It’s been a generally pleasant summer for anglers, but we may be paying our dues the next two days.

The forecast for tomorrow is east winds at 15-20 knots, increasing to 20-25 in the afternoon. Then it gets worse on Saturday as small craft are advised to stay in port. There is better news Saturday night with a shift to northwest winds that should set up a fishable Sunday. Of course, you can still fish in protected bay and river waters during the easterly blow, but the surf is already a mess.

Another alternative is to attend the free N.J. Wild Expo at Colliers Mills WMA in Jackson Township from 10 a.m. to 4 p.m. both Saturday and Sunday. That state-sponsored show features numerous displays, and vendors are there with food and drink.

The last N.J. striped bass public hearing is coming up on Thursday, Sept. 12 in Bay Ave. Community Center, 775 East Bay Ave.,Manahawkin from 6 to 9:30 p.m.  There are a wide range of options available to achieve the reduction in catch required to turn around the decline in spawning stock biomass.

The surf was already rough when I made only a few casts at Manasquan this morning before retreating to Shark River for bluefish.  Popper fishing was only a pick today, but by putting in about three hours of constant casting I released 10 blues which were a mixture of 3-4-pounders and 5-6-pounders before the last was about 8 pounds. Capt. Chris De Stefano says a friend of his fishing from a small boat with a fly rod has been catching stripers up to 30 inches at night in the river. Chris also knew of several fluke limit catches in the river.

Spanish mackerel are still in the area, and Bob Correll of Bay Head caught one in his local surf yesterday evening along with a couple of cocktail blues.

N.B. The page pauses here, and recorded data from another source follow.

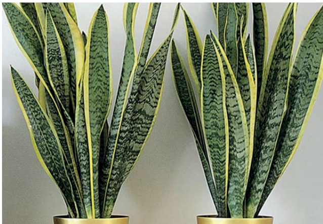
Bogenhanf - Sansevieria trifasciata

Kohlenmonoxid beeinträchtigt als Atemgift den Sauerstofftransport im menschlichen Körper. Es ist auch im Zigarettenrauch enthalten. Auch die Menschen selbst geben Schadstoffe an die Luft ab. Russische Weltraumforschungen ergaben, dass Menschen außer Kohlendioxid bis zu 150 weitere flüchtige Stoffe abgeben, z. B. Kohlenmonoxid, Wasserstoff, Methan, Alkohole, Phenole, Ammoniak oder Schwefelwasserstoff.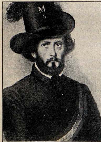
L. A. Frankl jako legionář Podle obrazů Aignerova (1849)

nost, že byli zapisováni v matrikách narozených děkanství chrastického, a to, jak jest vždy poznamenáno, na jejich vlastní žádost přede dvěma svědky. Tak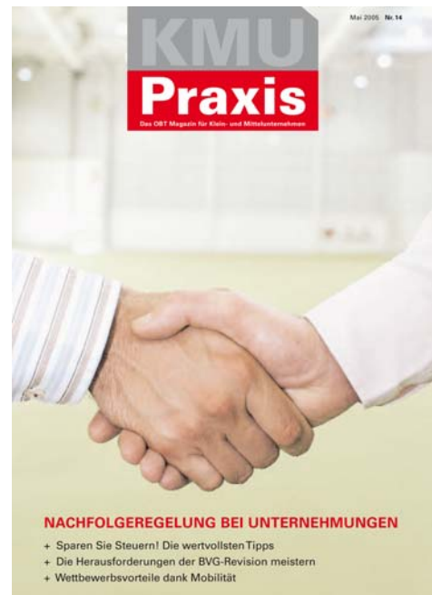
KMU Praxis Nr. 15, Mai 2008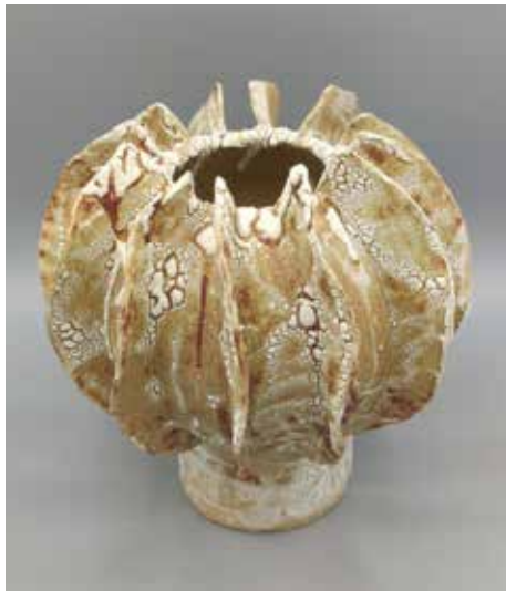
Flügel I H 25 cm, B 20 cm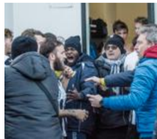
NERVI TESI Dopo il ko del Fanfulla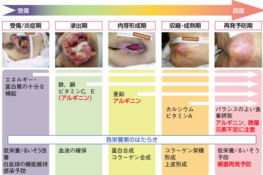
図2 創傷治癒過程と必要な栄養素の働き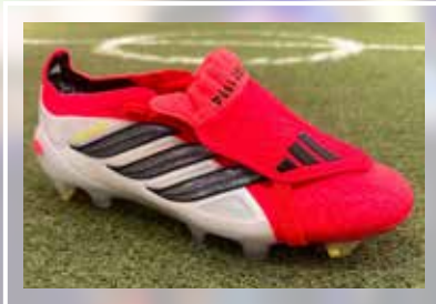
ADIDAS Predator Elite FT FG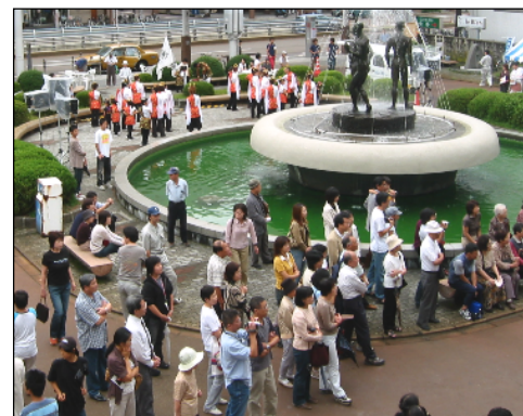
賑わいのスペース: 宝田公園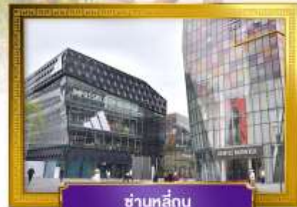
ชานหลู่กู่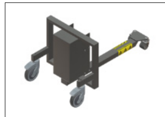
CENTER Passer til europaller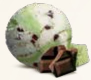
Choko-Marcipansmag Flødeis med marcipansmag 52214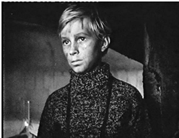
Кадр из к/ф «Иваново детство»

СТАВИТЬ КУЛЬТУРУ ВЫШЕ ПОЛИТИКИ... должен нормальный руководитель государства. Он должен понимать, что культура – это духовность, стратегическое оружие государства. Что нельзя отдавать в частные руки культуру. Нужна государственная поддержка. Как оружие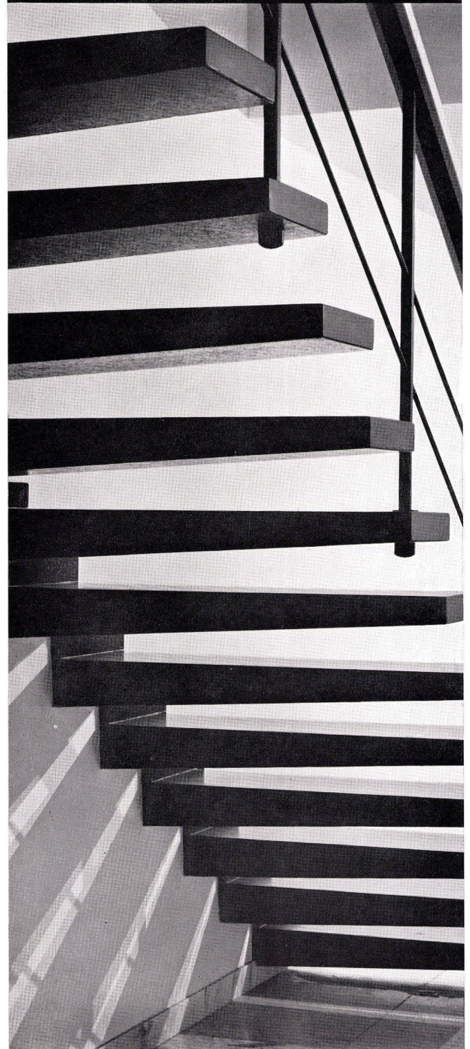
Einseitig eingespannte auskragende Trittplatten in Basler Privathaus Burckhardt Architekten BSA SIA, Base!

Large fluke turn on off Raritan Bay

Capt. Ron Santee says he hit the change of tide just right this morning with his Fishermen from Atlantic Highlands, and knew he had the right drift when the first fluke caught was a 6.4-pounder. Larger fluke kept coming as Joe Gaydos took the pool with a 7.1-pounder and added fluke of 3.1 and 6.4 pounds. Adam Dretchim wasn’t in the pool, but had the big fluke with a 27-inch, 7.2-pounder. Santee reported there were some other fluke from 4 pounds up to almost 7 — plus large porgies which are starting to show up.  He’ll try to get out tomorrow, but has already cancelled for Friday and Saturday.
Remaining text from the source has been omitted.